■ **Try it**
Using the data below, reproduce exactly the lines from the line with "Freight Train on Stage 5" to the line with "Sir Graham Wynne presenting to the group.", both included; pictures must be dropped.

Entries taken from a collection
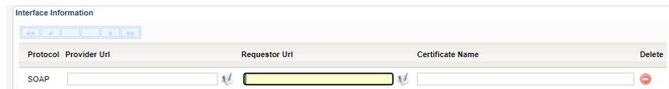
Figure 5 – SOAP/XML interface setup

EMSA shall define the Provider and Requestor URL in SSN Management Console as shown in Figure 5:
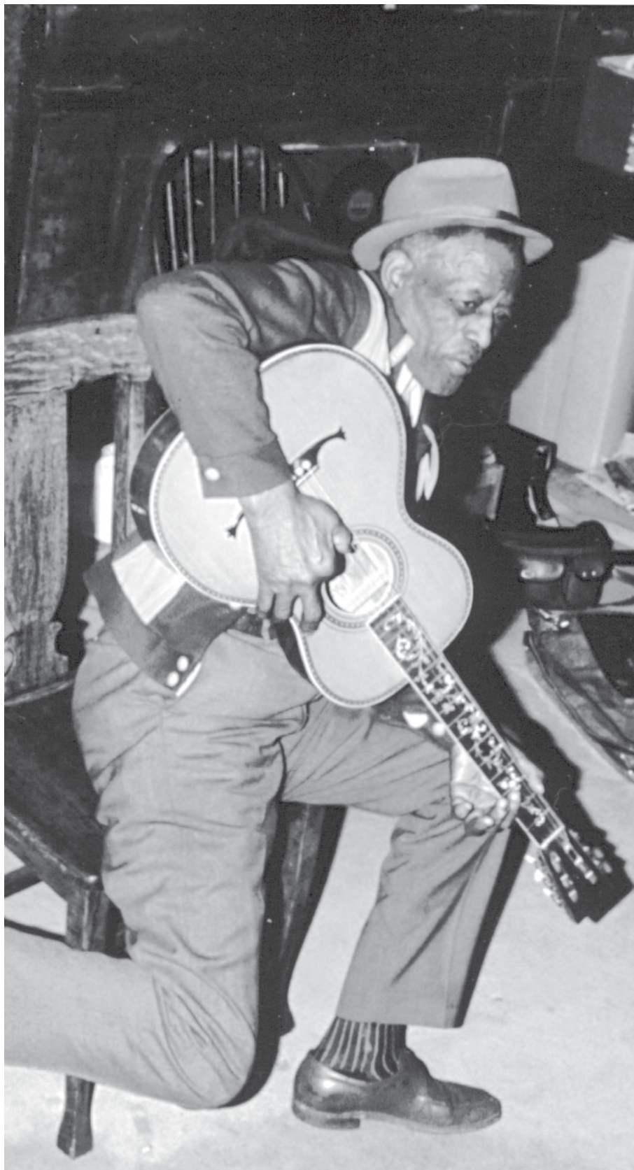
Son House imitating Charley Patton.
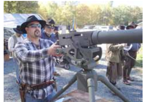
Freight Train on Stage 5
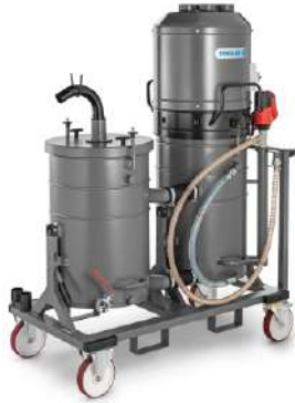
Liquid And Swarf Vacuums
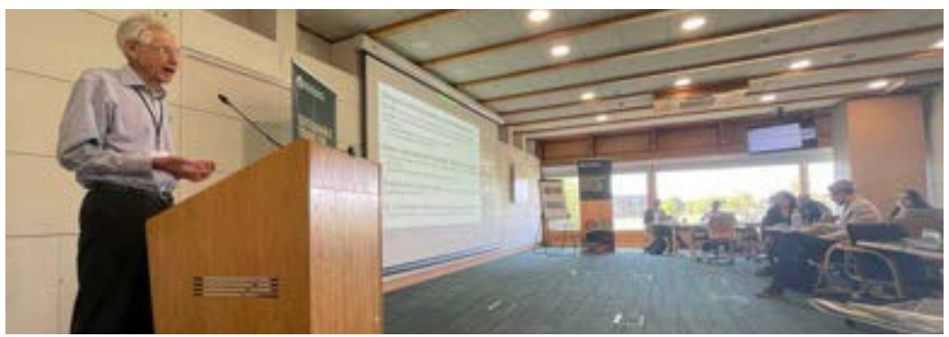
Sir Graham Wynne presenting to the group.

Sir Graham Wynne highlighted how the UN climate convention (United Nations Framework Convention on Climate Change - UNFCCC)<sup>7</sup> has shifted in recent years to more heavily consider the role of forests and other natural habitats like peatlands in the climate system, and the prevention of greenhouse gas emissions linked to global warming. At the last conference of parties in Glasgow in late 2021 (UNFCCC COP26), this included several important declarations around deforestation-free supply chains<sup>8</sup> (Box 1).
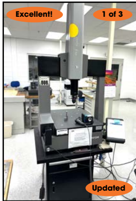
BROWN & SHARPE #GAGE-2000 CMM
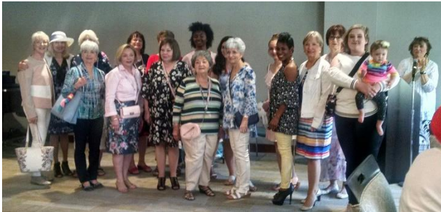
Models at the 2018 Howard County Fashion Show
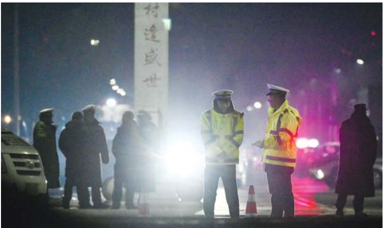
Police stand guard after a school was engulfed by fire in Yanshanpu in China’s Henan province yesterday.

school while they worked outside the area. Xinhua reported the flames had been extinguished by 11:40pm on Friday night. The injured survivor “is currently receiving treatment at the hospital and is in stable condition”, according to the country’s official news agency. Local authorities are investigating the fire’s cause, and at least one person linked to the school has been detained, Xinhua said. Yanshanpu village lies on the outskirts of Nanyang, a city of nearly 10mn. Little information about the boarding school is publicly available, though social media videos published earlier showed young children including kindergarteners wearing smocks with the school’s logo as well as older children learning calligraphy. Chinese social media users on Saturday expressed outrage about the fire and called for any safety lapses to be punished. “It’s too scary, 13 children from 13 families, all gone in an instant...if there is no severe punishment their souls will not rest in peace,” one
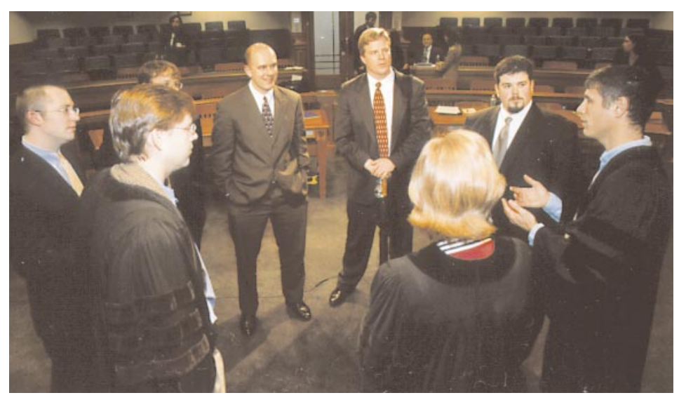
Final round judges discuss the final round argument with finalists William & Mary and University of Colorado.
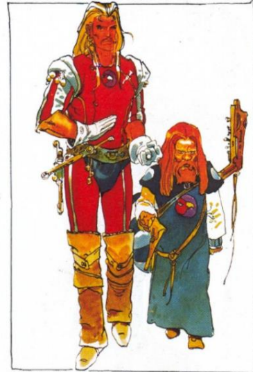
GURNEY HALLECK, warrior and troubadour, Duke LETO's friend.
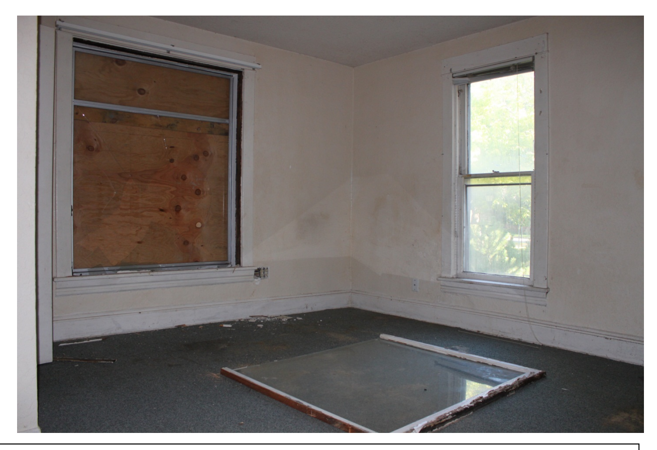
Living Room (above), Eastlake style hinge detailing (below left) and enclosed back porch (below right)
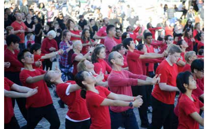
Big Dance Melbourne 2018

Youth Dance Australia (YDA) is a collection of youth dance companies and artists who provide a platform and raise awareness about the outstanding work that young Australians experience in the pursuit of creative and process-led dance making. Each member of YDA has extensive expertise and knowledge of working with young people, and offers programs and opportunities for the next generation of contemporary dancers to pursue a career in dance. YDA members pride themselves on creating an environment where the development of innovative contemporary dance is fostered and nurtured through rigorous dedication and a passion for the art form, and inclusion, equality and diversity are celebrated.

■ **Answer to the exercise**
Freight Train on Stage 5
Liquid And Swarf Vacuums
Sir Graham Wynne presenting to the group.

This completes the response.